Information given.
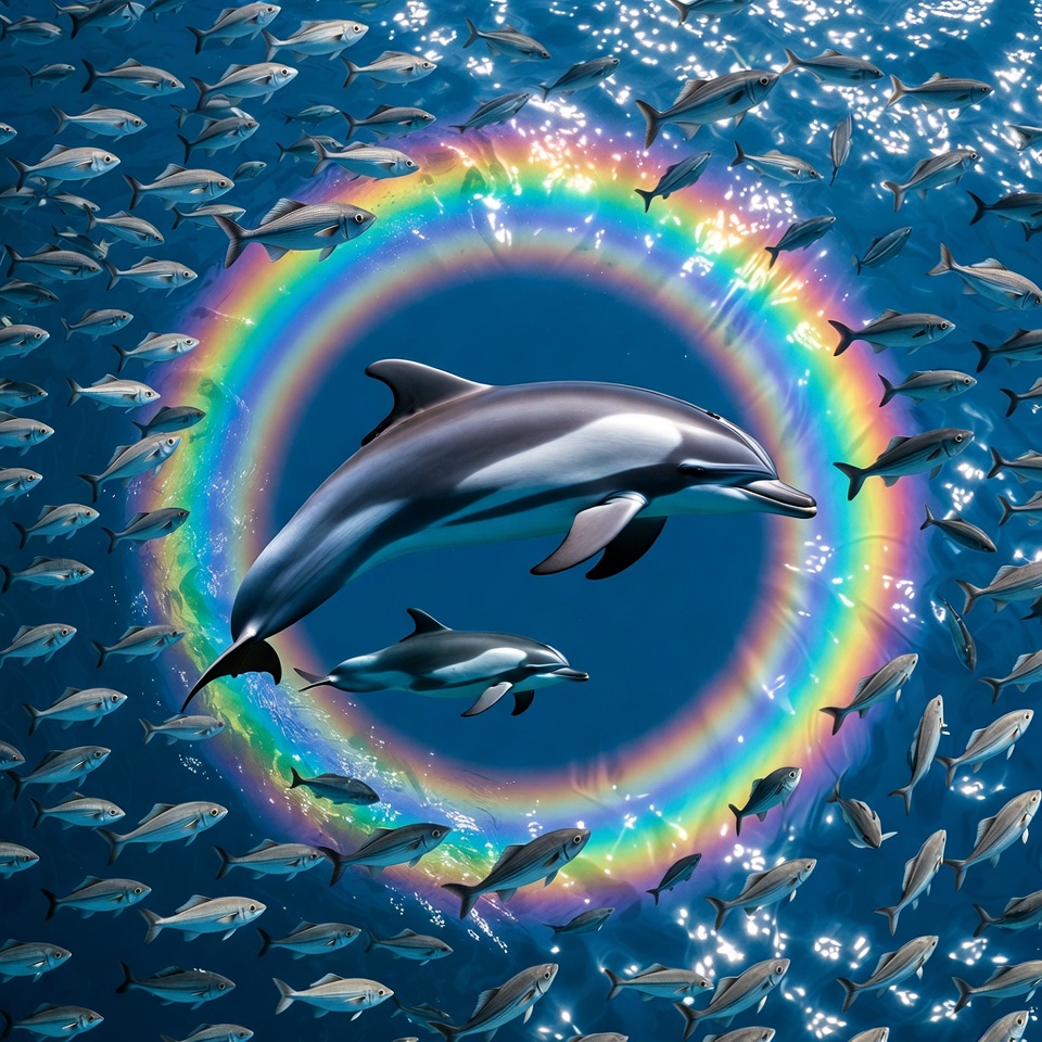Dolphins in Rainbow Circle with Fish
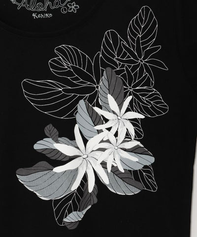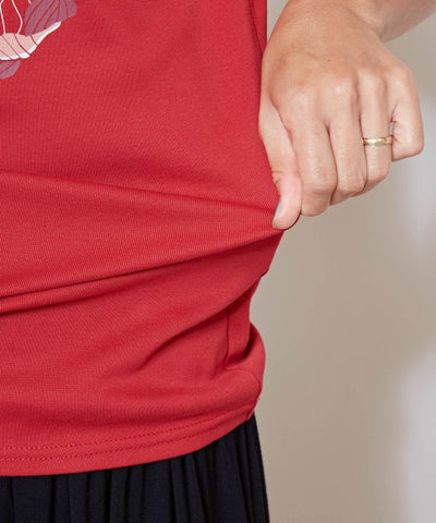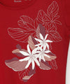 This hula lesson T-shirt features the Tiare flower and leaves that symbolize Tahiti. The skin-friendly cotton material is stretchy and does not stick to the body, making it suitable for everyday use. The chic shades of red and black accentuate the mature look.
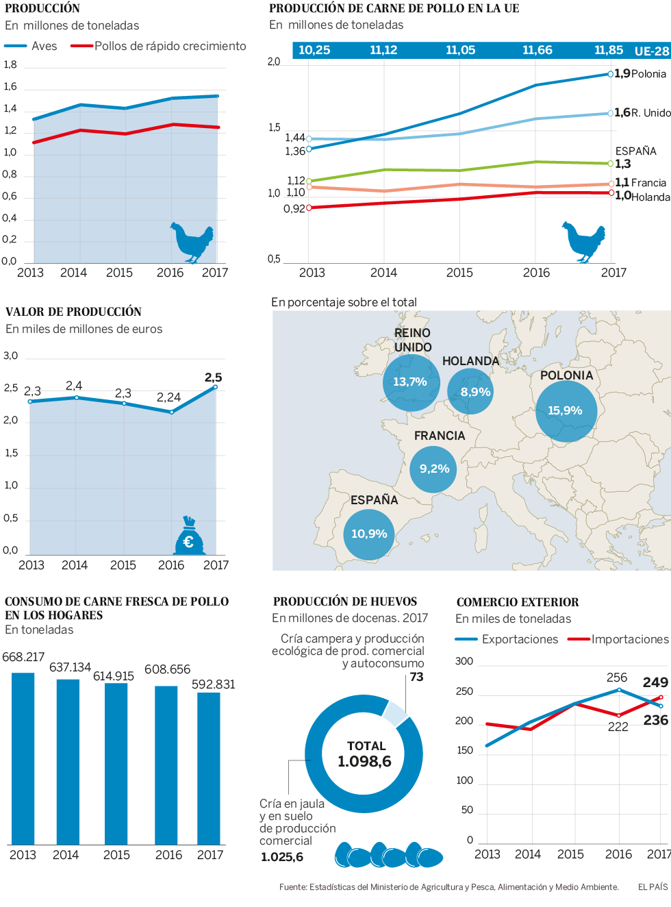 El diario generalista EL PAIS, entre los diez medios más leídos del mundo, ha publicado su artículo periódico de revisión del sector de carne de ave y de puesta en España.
--
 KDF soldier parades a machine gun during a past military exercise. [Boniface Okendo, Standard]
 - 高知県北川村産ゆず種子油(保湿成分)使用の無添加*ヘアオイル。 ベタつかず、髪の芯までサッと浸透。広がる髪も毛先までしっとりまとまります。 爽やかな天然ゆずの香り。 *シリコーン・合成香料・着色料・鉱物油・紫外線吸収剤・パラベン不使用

Brief. Using the entries above, extract exactly the lines from the one that contains "This hula lesson" through the one that contains "El diario generalista". Do not carry over any pictures.

Result below.
 This hula lesson T-shirt features the Tiare flower and leaves that symbolize Tahiti. The skin-friendly cotton material is stretchy and does not stick to the body, making it suitable for everyday use. The chic shades of red and black accentuate the mature look.
 El diario generalista EL PAIS, entre los diez medios más leídos del mundo, ha publicado su artículo periódico de revisión del sector de carne de ave y de puesta en España.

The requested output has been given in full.